Mathematically Speaking, You’re Probably Grinding Your Espresso Too Finely

The secret to consistently tasty, cost-effective espresso is a coarser grind, according to mathematical models

A mathematical model suggests coarser grinds might make for better, more consistent espresso with a lower price tag. Kevin Butz / Unsplash

If you’re still struggling to brew a reliably good cup of espresso, maybe it’s time to change the settings on your grinder. According to a new mathematical model, most people might be pulverizing their beans a tad too much, sacrificing flavor, consistency and cost efficiency in the process.

With coarser-than-average grinds, “we reckon you can save about 25 percent coffee mass per shot,” explains Jamie Foster, a mathematician at the University of Portsmouth and author on a paper published this week in Matter, in an interview with Nicola Davis at the Guardian.

And if you’re in the business of brewing, savings like that can really add up. When Foster’s colleagues trialed their approach in a coffee shop in Oregon, it saved $0.13 per drink, totalling $3,620 for the year, reports Jason Arunn Murugesu for New Scientist. The process arguably reduces waste as well, and could boost sustainability in the coffee industry, according to a statement.

Prior to the team’s intervention, the baristas in the Oregon coffee shop were making a common mistake, the team’s results show. Most caffeine enthusiasts dump more than the recommended amount of beans into their grinder, then dial the texture down to “fine,” says study author Christopher Hendon, a computational chemist at the University of Oregon, in a statement. What comes out the other end is a bit like espresso Russian roulette: While some shots taste fine, others are too bitter or too acidic—and results vary drastically from cup to cup, Hendon explains.

The science behind this caffeination conundrum boils down to some trippy physics. To home in on the secret to coffee consistency, the researchers digitized espresso-making into a mathematical model, simulating how coffee chemicals flow out of grounds and into hot water that’s being forced through the mixture.

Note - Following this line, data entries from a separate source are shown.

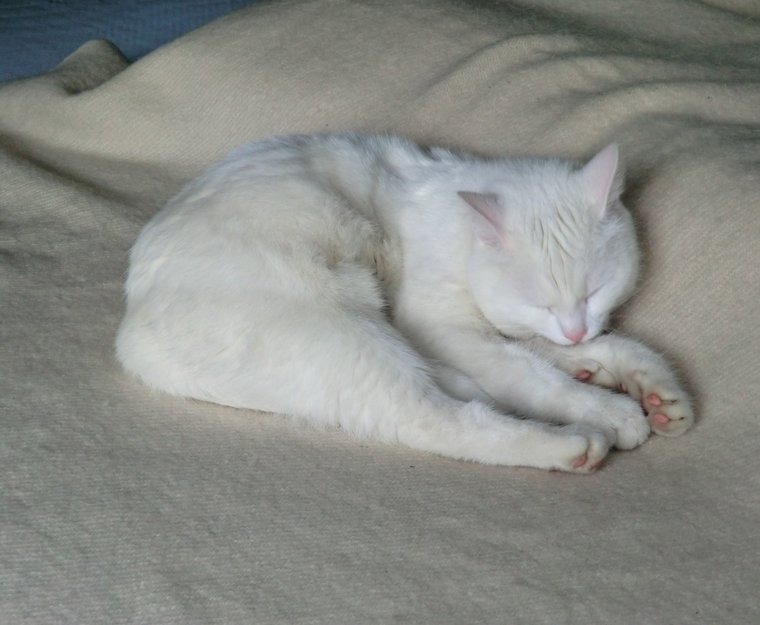 Sushi er en 3 år gammel ensfarget hvit mellomstor huskatt. Kan være litt sky og redd for mennesker og hunder. Hun er sterilisert og chippet.
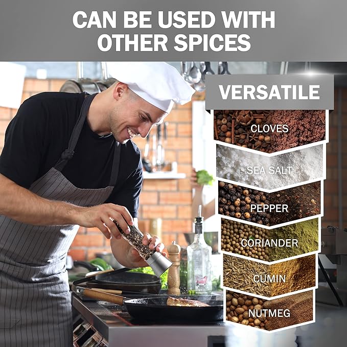 - Kitchen Must Haves and Wedding Registry Items: This beautiful salt and pepper grinder set is not only a practical kitchen accessory but also a stylish kitchen dΓ©cor item. Made of premium materials, the adjustable grinders allow for fine to coarse grinding and make a great addition to any wedding registry or kitchen must-have list. Elevate your cooking game and add a touch of sophistication to your kitchen with this elegant and functional grinder set. A must have kitchen gadgets.
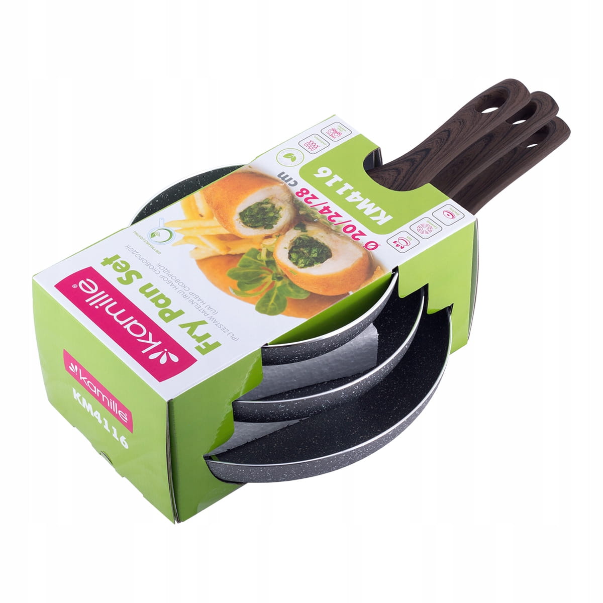 Zestaw patelni granitowych 20/24/28 cm Kamille KM4116
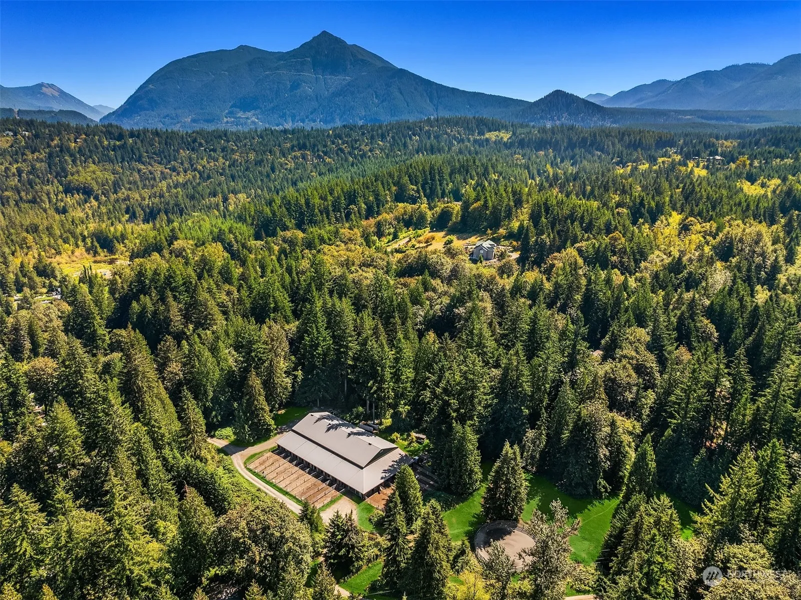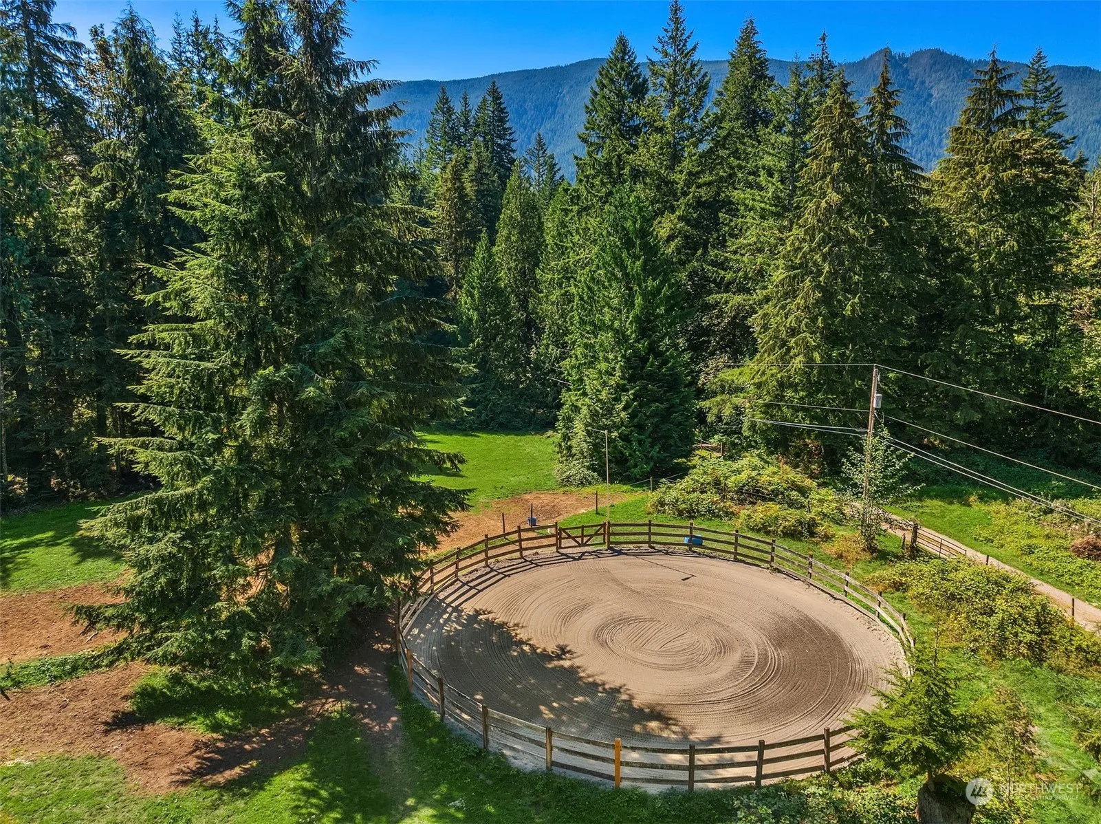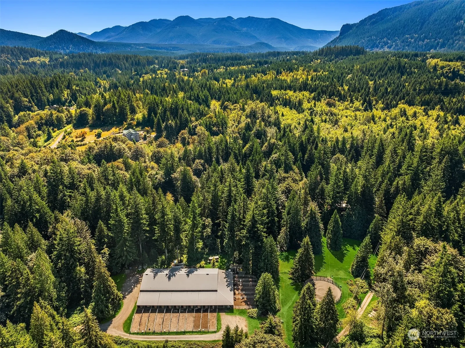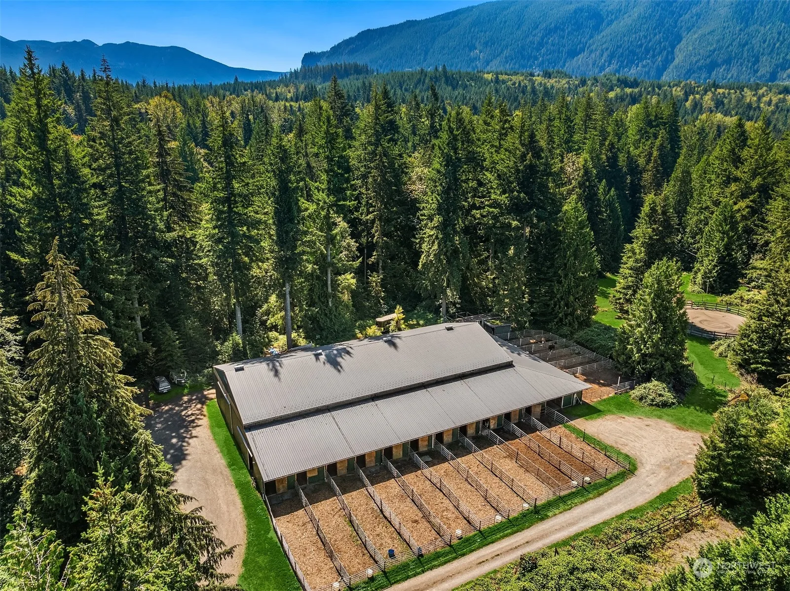 Wildbrook Stables, a rare North Bend opportunity on over 8 private acres. Explore this unique horse property offering an all encompassed 18 stall barn, paddocks off stalls and 60 x 120 indoor arena. The facility offers hot/cold wash rack, 2 tack rooms, viewing room, grain room, two groom bays, round pen and an additional 4 stall barn. Multiple covered parking areas and storage. Reverse floor plan 2 story home nestled onto this gorgeous parklike setting offers 2 updated baths, open room concept on upper level with vaulted wood beamed ceilings. Tranquil Creekside setting, lots of potential here for someone wanting to update and or expand on this tremendous property. Quiet dead end street location! Extra finished rm used as bedroom.
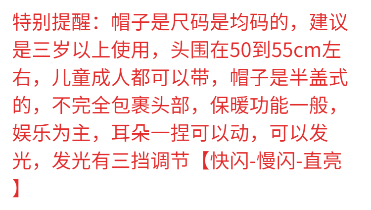 | thickened-rabbit hat white【 ears moving non-luminous]](加厚款-兔帽白色【耳朵会动不发光】) | USD $4.22 | 999999 piece available |
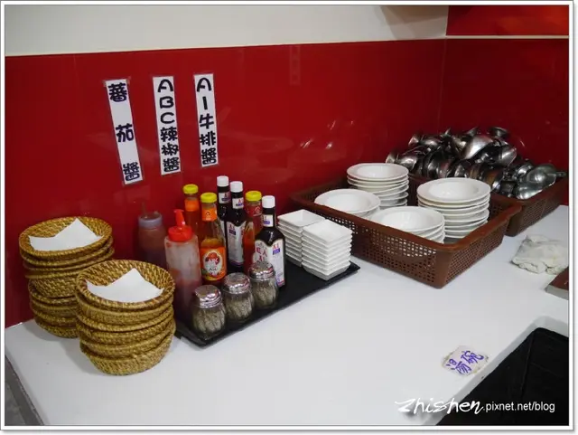 除了主餐以外,其它都是採取自助式,走到店內的最深處,沙拉吧、飲料、調味料、牛排沾醬、冰淇淋一應俱全。
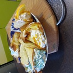 Начинила взбитыми сливками с корицей, украсила цедрой апельсина + долька апельсина
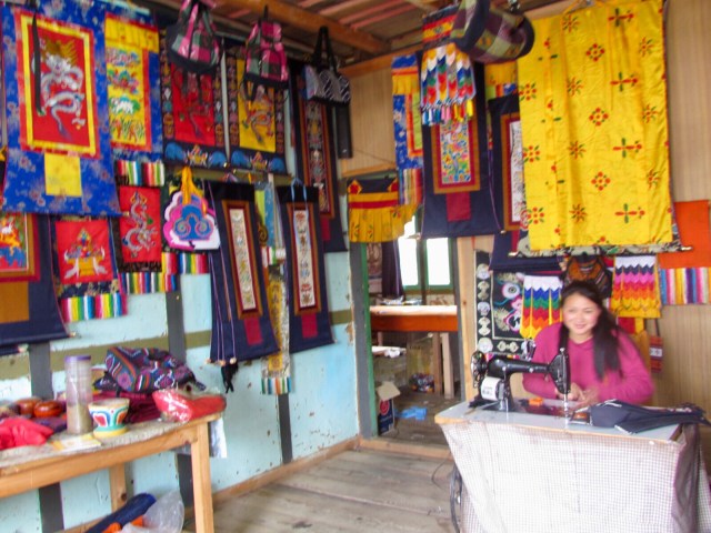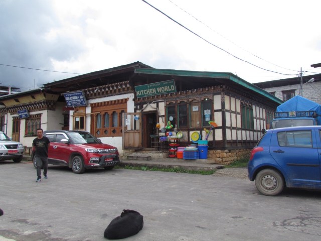 After the Dzong, we spent a few hours walking along the main street looking at all the handicraft shops….there were plenty! We were wanting somewhere to sit for a while and stumbled into a bar! A G&T later ( whisky for Barb) we walked back to our hotel.
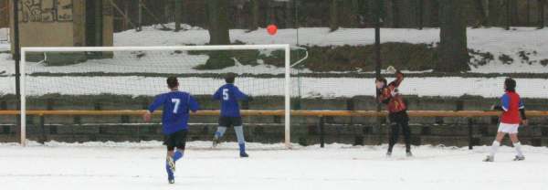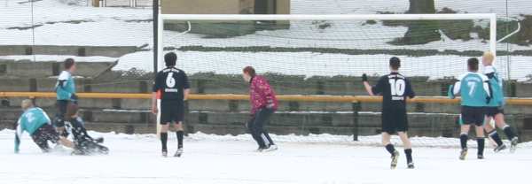 Unter diesen Bedingungen kam die Zweite bsonders gut zurecht. Im letzten Drittel der ersten Halbzeit erzielte Kese mit einen schönen Heber das 3:0. Zuvor hatten Moppel und Döhler getroffen.
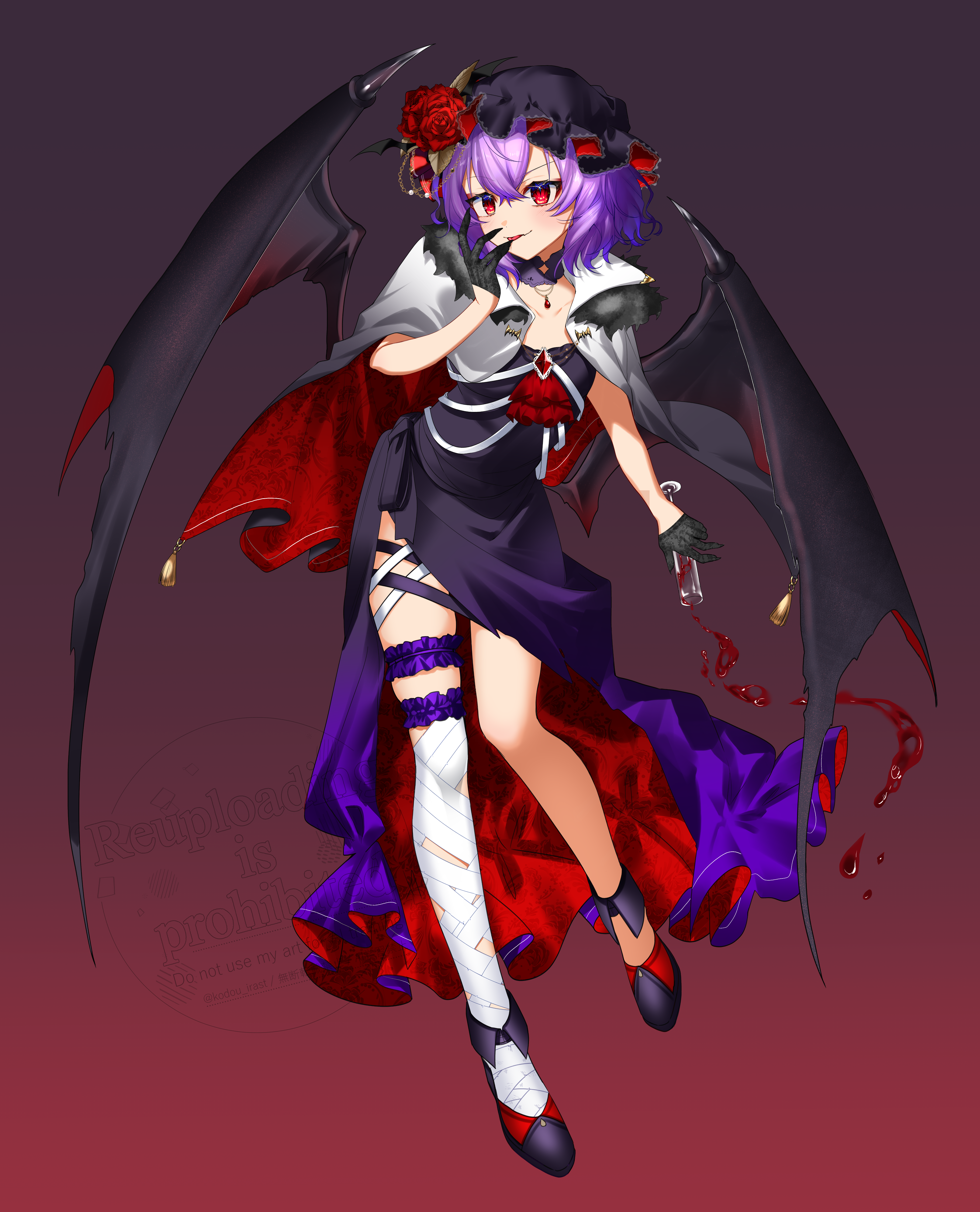 1girlalternate costumealternate headwear colorbandaged legbandagesblack capeblack dressblack glovesblack hatbloodcapecupdressflowerfrilled thigh strapfull bodyglovesgradient backgroundgradient capegradient clothesgradient dresshalf gloveshalloweenhalloween costumehathat flowerhigh-low dressholdingholding cuplooking at viewerpurple dresspurple shoesred capered flowerred roseroseshoessmilesolotasselthigh straptwo-sided capetwo-sided fabricwatermarkwhite cape
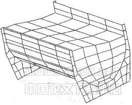4.2 U形槽身 以广东省东江—深圳供水改造工程中的U型渡槽为例[7],图3为流体在槽内的一阶横向晃动模态,流体—边界采用滑动边界,有限元计算槽内水体晃动首阶频率为f=0.3224Hz,边界元计算结果为f=0.3413Hz,两者相当接近,相对误差为5.5%。
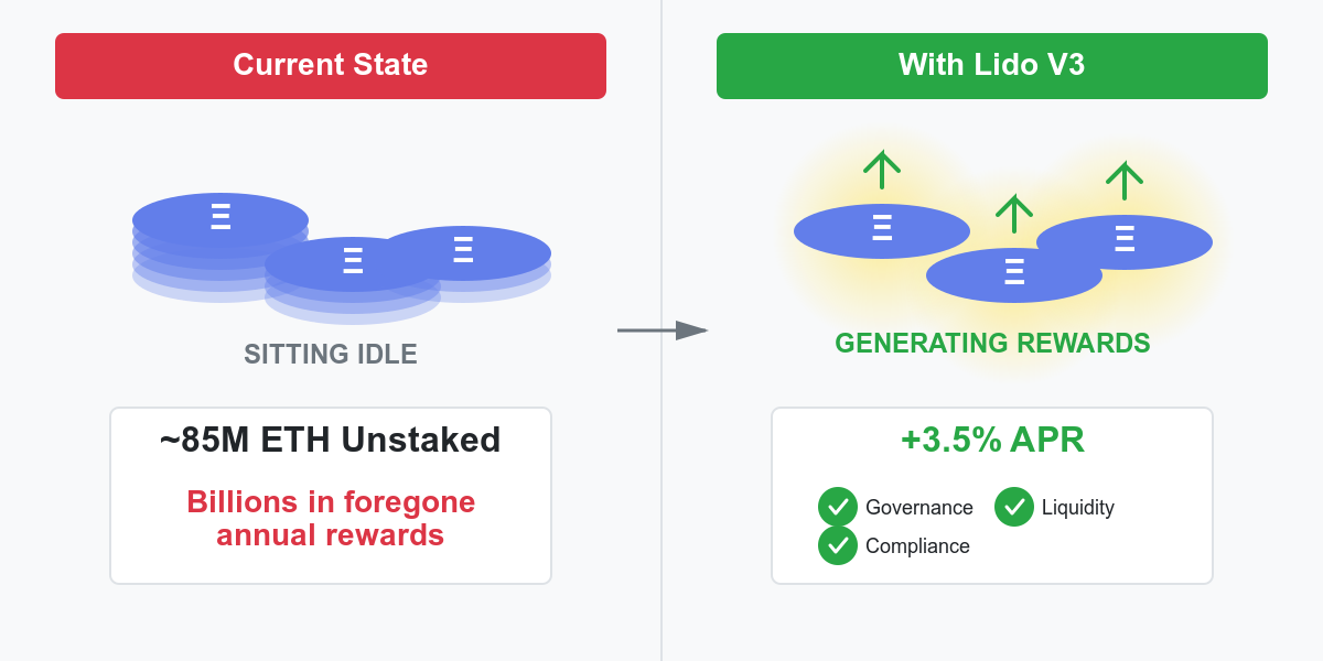 On one side: approximately 85 million ETH sitting unstaked — representing substantial institutional holdings sitting idle. On the other: staking rewards averaging 3-4% APR with institutional-grade security now available. In the middle: a gap where traditional staking solutions simply don't meet institutional requirements.
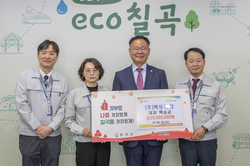 [일요주간=최부건 기자] 지난 28일 관내 방위산업기업인 (주)백두테크(대표 백승균)는 칠곡군에 이웃사랑 성금 2,000만원을 기탁했다고 밝혔다.
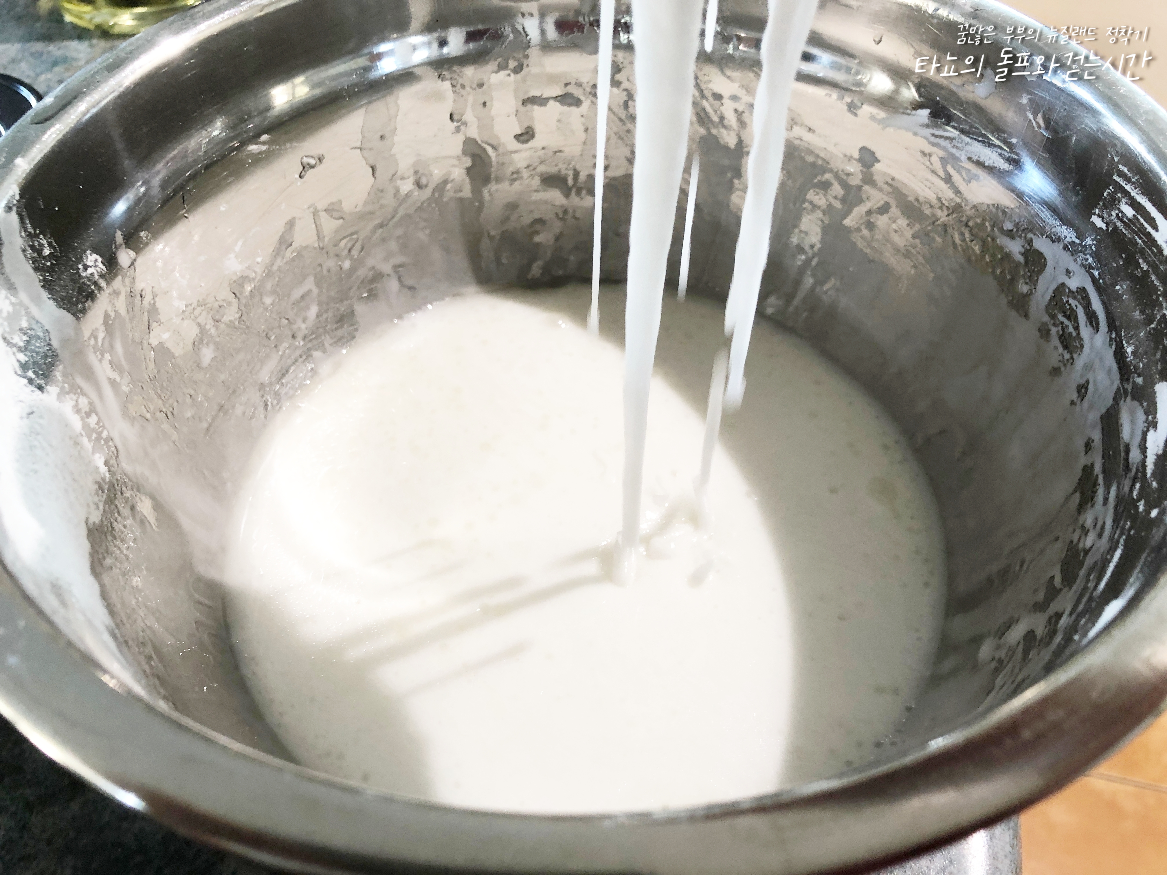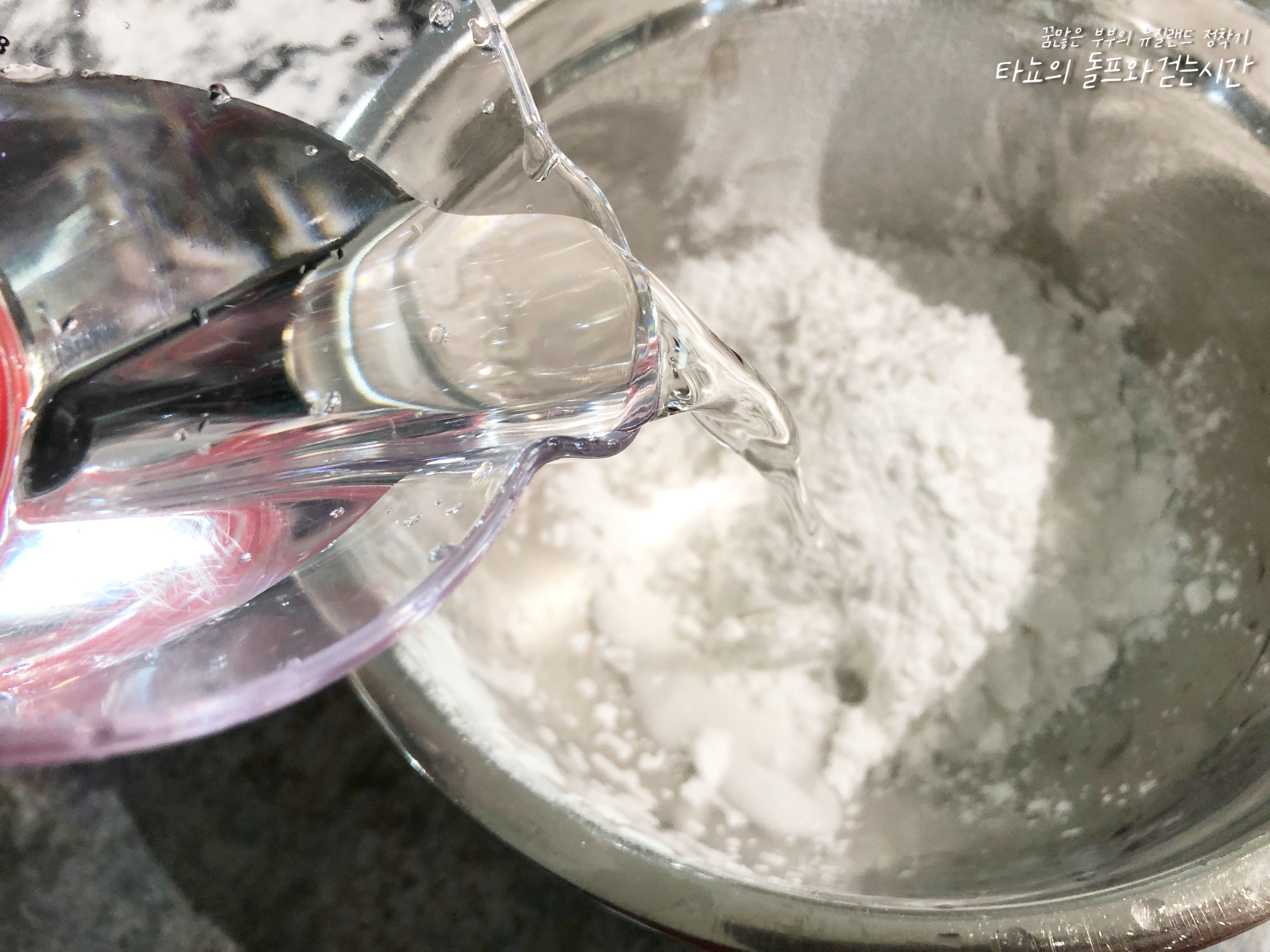 이제 반죽을 만듭니다. 전분가루와 찹쌀가루 섞은 것에 물을 넣어주고 잘 섞어준 다음 재빠르게 식용유를 부어 섞었습니다. 식용유 안 넣고 해 본 적 있는데 반죽이 너무 뻑뻑해서 손가락에 쥐 납니다. 식용유를 넣어줘야 약간 뭐랄까... 약간 굳은 마요네즈 만지는 것처럼 몰캉합니다.

At face value, the typical fine grind dogma makes sense: Smaller particles have more collective surface area, giving the water more coffee to flow over and absorb flavor from. In theory, that should maximize what’s called extraction yield, or the amount of coffee that dissolves into the final beverage, imbuing it with that strong espresso taste. But the team’s model shows this strategy can easily backfire. Grinds too fine can settle and pack together in the basket of the espresso machine, clogging an otherwise even mesh and stymieing water’s journey through. As a result, some cups end up bitter, while others end up sour; a few taste strong, a few taste weak.

Instead, the team recommends grinding the beans a touch more coarsely—though not so much that you end up sacrificing that precious surface area. (Brew time doesn’t seem to make much of a difference.) This caffeinating combo, they say, hits on a sweet spot: grinds still small enough to confer lots of coffee taste, but just large enough to keep the flow of water uniform, Foster tells Davis. A coarser grind also requires fewer beans, and slightly less water that moves through the grinds faster, cutting down on time and cost.

“This is an opportunity to save a lot of money without sacrificing quality,” Hendon says in a statement.

The process still leaves plenty of room for creativity, though. Fiddling with other factors, like temperature, pressure and bean variety, can still tailor a shot to any coffee connoisseur’s taste. “A good espresso beverage can be made in a multitude of ways,” Hendon says. Following the team’s coffee credo, though, he adds, might help ensure that once you find your ideal cup, you’ll be “able to make it 100 times in a row.”